Algorithmic governance of care
Artificial intelligence (AI) is becoming increasingly common in health and care settings, promising greater efficiency, improved safety, and better support for care workers. But how do these technologies actually work in practice, and what effects do they have on care relationships, work routines, and the lives of older adults? The ALGOCARE project set out to answer these questions by studying AI systems already in use in Austrian and international long-term care (LTC) contexts.
Rather than starting from technical models or laboratory settings, ALGOCARE took an innovative approach: we went directly into care homes and observed AI “in action”. Our team conducted 40 interviews with care workers, managers, residents, developers, and other stakeholders, and spent over 80 hours in participant observation – accompanying care staff during day and night shifts, taking field notes, and documenting everyday interactions with AI tools.
We examined three types of AI technologies:
- Fall-detection sensors – systems using 3D sensors and behavioural analysis to detect irregularities, such as falls.

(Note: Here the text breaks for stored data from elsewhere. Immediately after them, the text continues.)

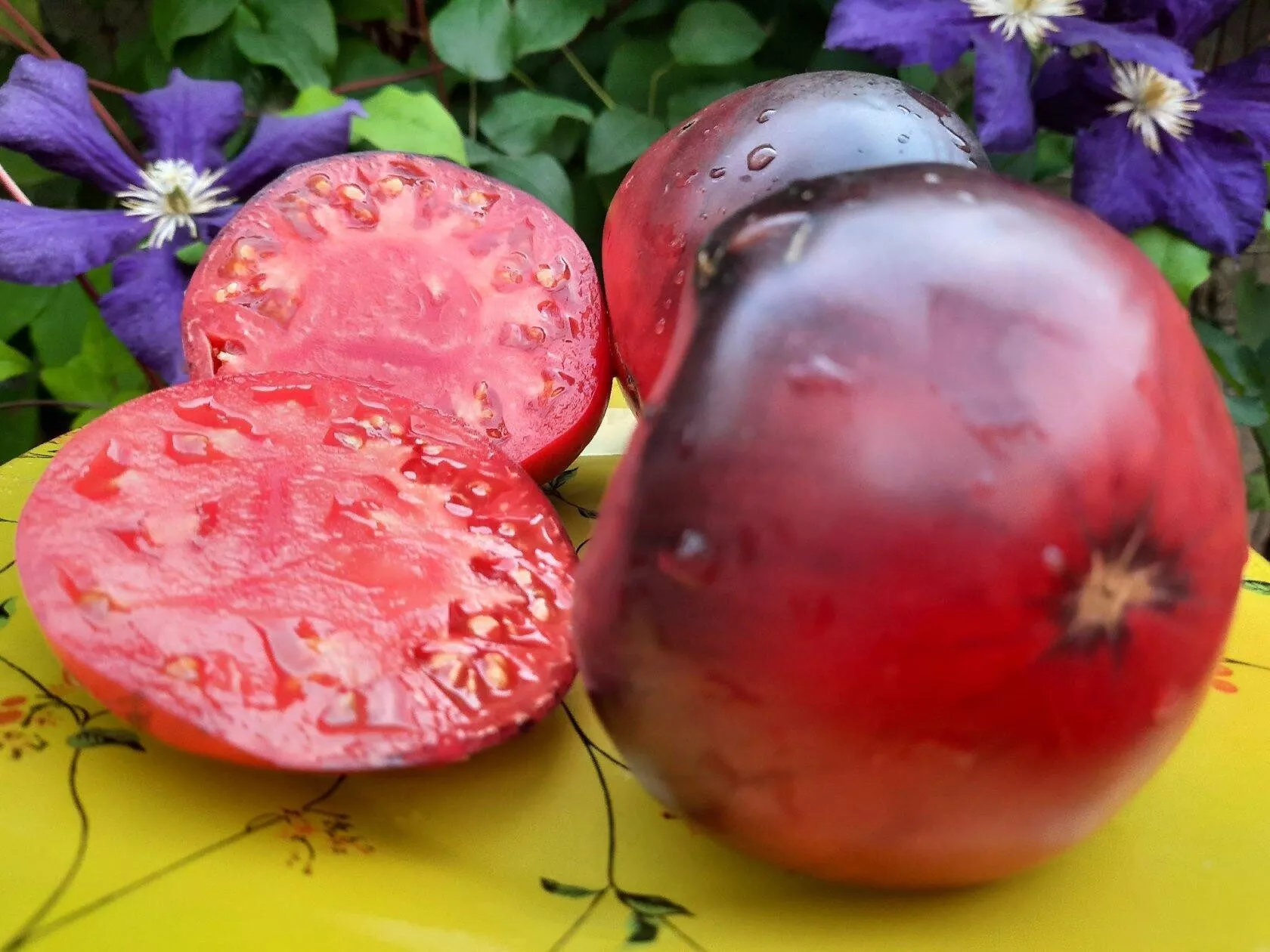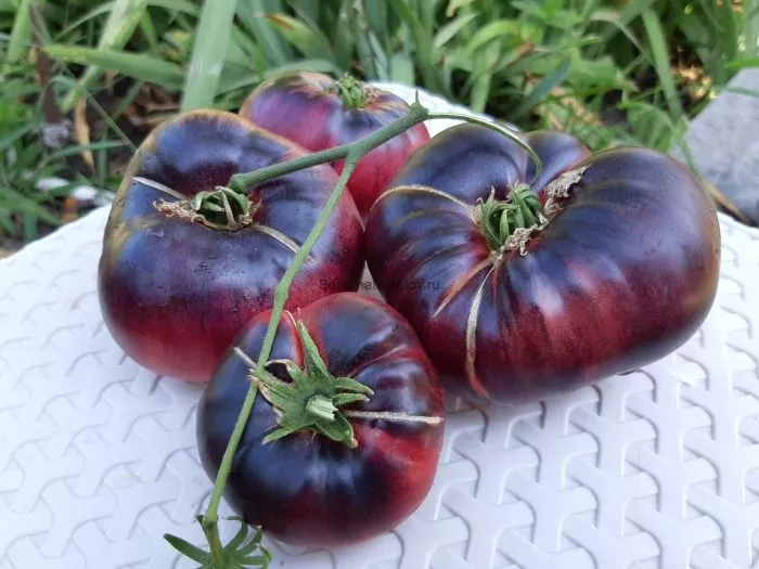 Для немедленного употребления в пищу дожидаются полного созревания на кусте, когда плод приобретает равномерную пурпурно-бордовую окраску с темными полосами и выраженной антоциановой «шапочкой». Срезать томаты рекомендуется секатором или острыми ножницами вместе с плодоножкой, чтобы не повредить кожицу и не создать ворота для инфекции.
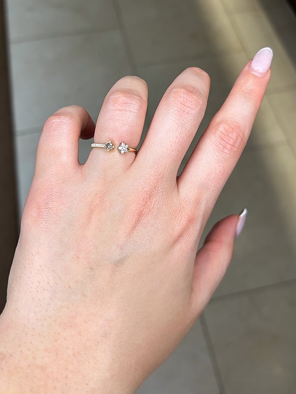 Canadian Desert Diamond Flower Enchanted Open Ring in Yellow and White Gold
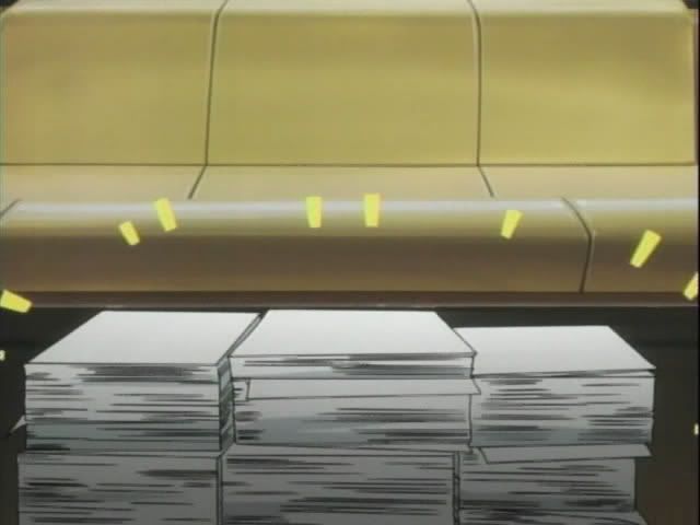We then check in with the goings on in Soul Society... specifically the 10th Division. Matsumoto brings Hitsugaya a cup of tea and the two chat for a bit about Soi Fong. (And I must say I'm glad that Matsumoto came out looking pretty much the same as she did back during the SS arc.) But when the large stack of paperwork is brought up... Matsumoto disappears.
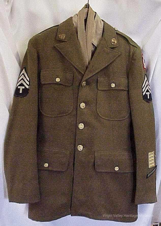 WW II - Army Uniform complete. Pants, shirt, Jacket, tie Tech Sgt. - Worn by Francis Hughes

- Social robots – humanoid and animal-like robots designed to interact with residents using AI-based speech and facial recognition.
- AI-based pain recognition – developed to detect pain in residents who may not be able to communicate it verbally.

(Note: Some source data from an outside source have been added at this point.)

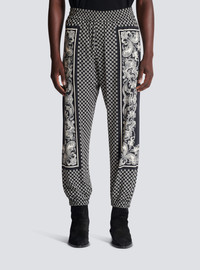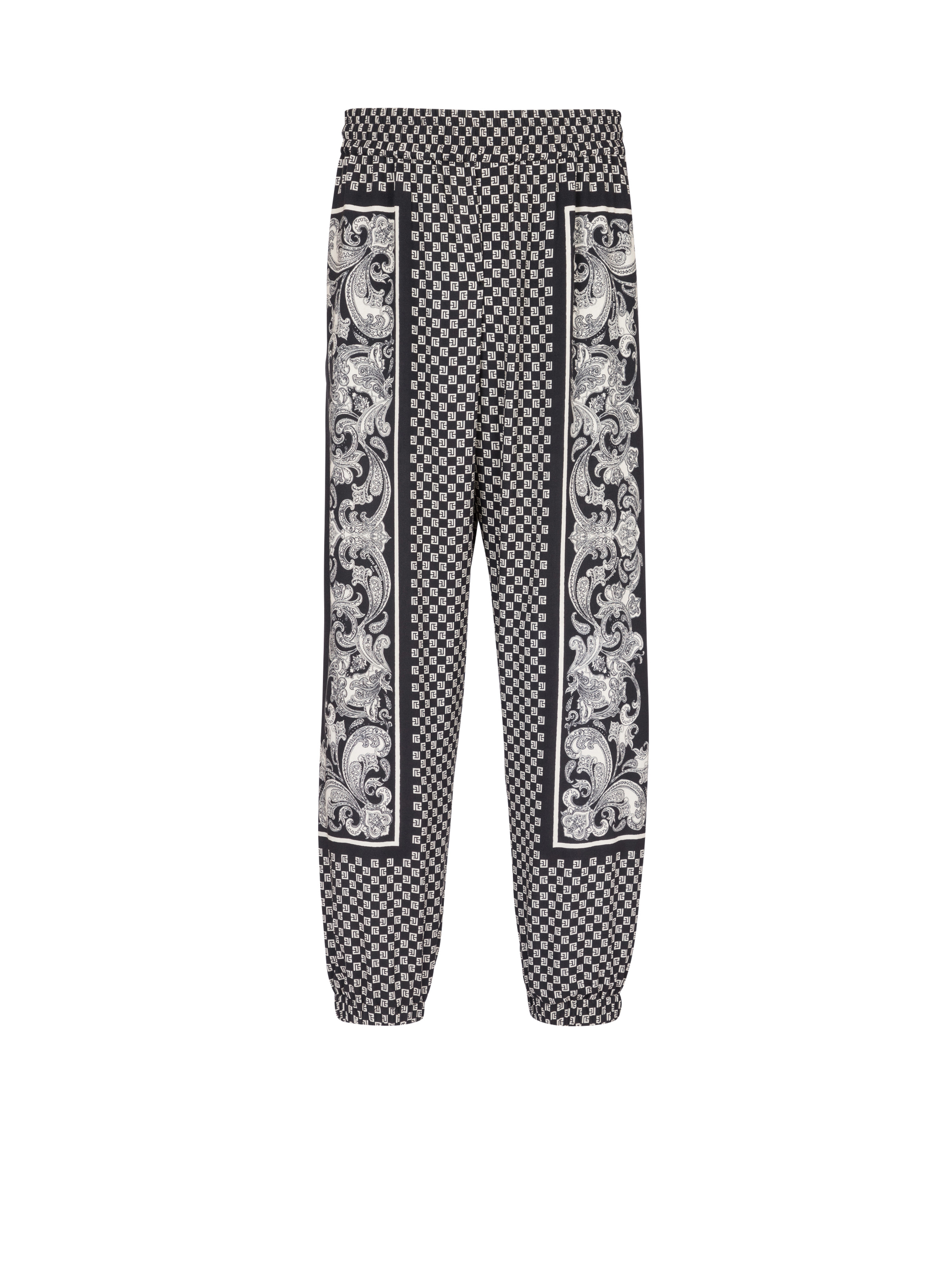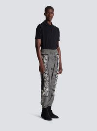 Mini monogram and paisley print casual trousers - Pierre Balmain close-up logo block print - Loose-fit straight-leg cut - Adjustable elasticated waist - 2 slanted pockets, gathered ankles - Model measures 187cm and wears a size 48 - Main material: 100% viscose - Made in Italy - Item: CH1PO092VE27100% of the viscose fibres used to make this garment come from responsibly managed and FSC®-certified forests
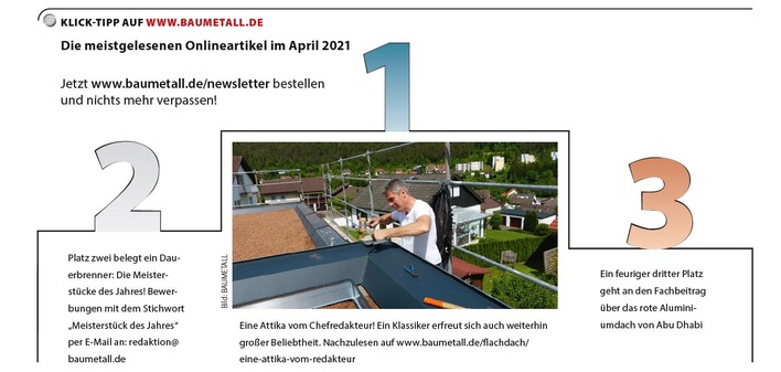 Sie haben fleißig BAUMETALL-Online gelesen und hier sind nun Ihre Favoriten. Das sind die meistgelesenen BAUMETALL-Onlineartikel aus dem Monat Juli.
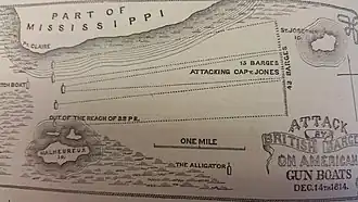 At night on December 12, the British rowboats, under Lockyer, set off to enter Lake Borgne, to attack the gunboat squadron.[13] Jones sighted the British rowboats on December 13 at 10:00am believing them to be disembarking troops, advancing in the direction of Pass Christian and then stopping. When he saw their route at 2:00pm, advancing past Pass Christian without stopping, he realized they were heading to attack his gunboats.[13][24] The shallow waters caused Jones issues, three of his gunboats being in 12 or 18 inches of water less than their draught, which was resolved by the flood tide at 3:30pm.[13][25]
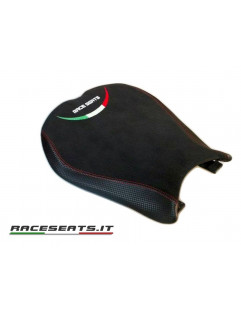 Cover made of "Street Neoprene" in the sitting part, a good non-slipmaterial with suede effect which let you have a grip on the seat and at the same time change easily position. A double red stitching divides the "Street Neoprene" part from the side parts made of carbon effect material to exalts the elegant and sports look of Ducati motorbike.

Our research revealed that these technologies are never “just technical tools.” They are shaped by – and shape – social, economic, and institutional contexts. For example, the pain recognition system, while marketed as advanced AI, functioned more like a digital questionnaire. It standardised daily pain assessments, replacing more flexible checks, and contributed to efficiency in care. However, it also reinforced the idea of residents as passive recipients of care, raised ethical questions around consent, and relied on technology’s perceived neutrality to legitimise decisions.

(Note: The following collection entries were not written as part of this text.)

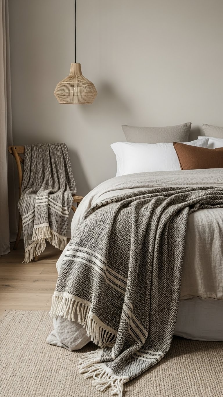 Toss a woven throw over the foot of your bed or drape a linen blanket across a chair to add instant texture and effortless warmth to your winter bedroom. Choose handwoven throws for artisanal character and mix neutral tones with a single accent.
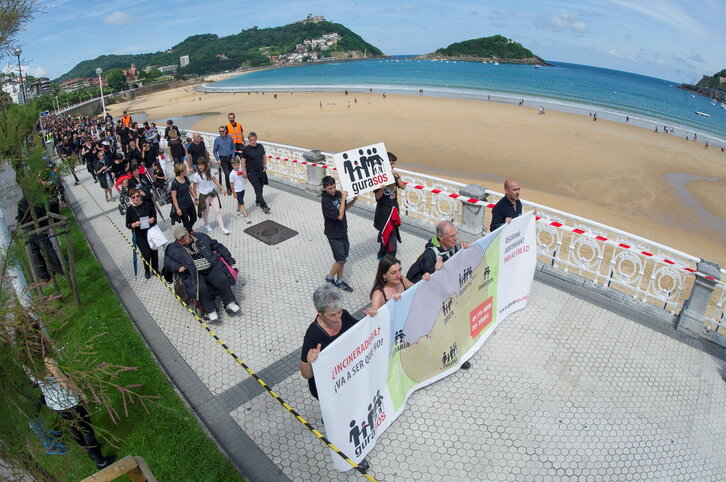 GuraSOSen manifestazioa erraustegiaren kontra Kontxa pasealekuan zehar.
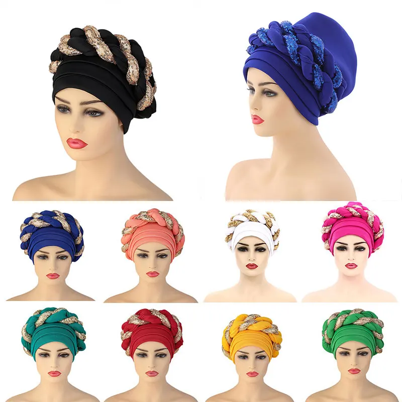 Feature 29latest shinning sequins turban women
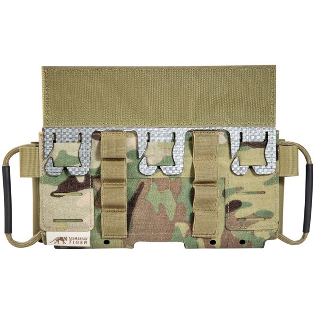 Die kompakte Erste-Hilfe-Tasche in Multicam kann unter einem Plattenträger befestigt oder als Hüfttasche getragen werden. Die abnehmbare Verbindungsplatte aus Tegris® mit Klettfläche ist beidseitig nutzbar. Das herausziehbare Innenpanel sorgt für schnellen Zugriff und flexible Organisation.
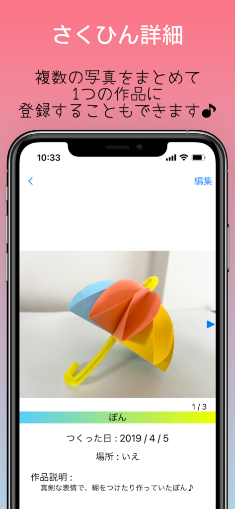 お子様の大切なさくひんを、どこで作ったか(保育園・いえ・公園など)・こどもごとに分類して、綺麗に保存するアプリです。
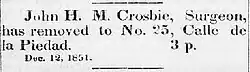 Its tenants also include Scottish Doctor John Herries Maxwell Crosbie, who had his office on Calle de la Piedad No. 25. This doctor who served attending to the wounded of the Battle of Caseros, had been hired by the government of Juan Manuel de Rosas in 1849.[28]

One key finding is that explainability – often discussed in AI research as a technical goal – had little relevance for people working in or receiving care unless approached from a broader socio-technical perspective. In LTC, trustworthiness, participation, and the ALGOCARE also broadened the understanding of “bias” in AI. Bias does not only stem from data or algorithms but is embedded in the entire socio-technical “assemblage” of care: the relationships between people, institutions, technologies, and even the physical spaces in which care happens. Recognising this complexity is essential to designing AI that truly supports dignity, autonomy, and meaningful human interaction in care settings.
Through its interdisciplinary collaboration between social scientists, computer scientists, and healthcare partners, ALGOCARE developed new ways of studying AI in real-world contexts. The project’s insights contribute to international debates on how to create human-centred, ethically grounded AI – and how to ensure that new technologies in ageing and care are developed and implemented with the participation and needs of older adults at their core.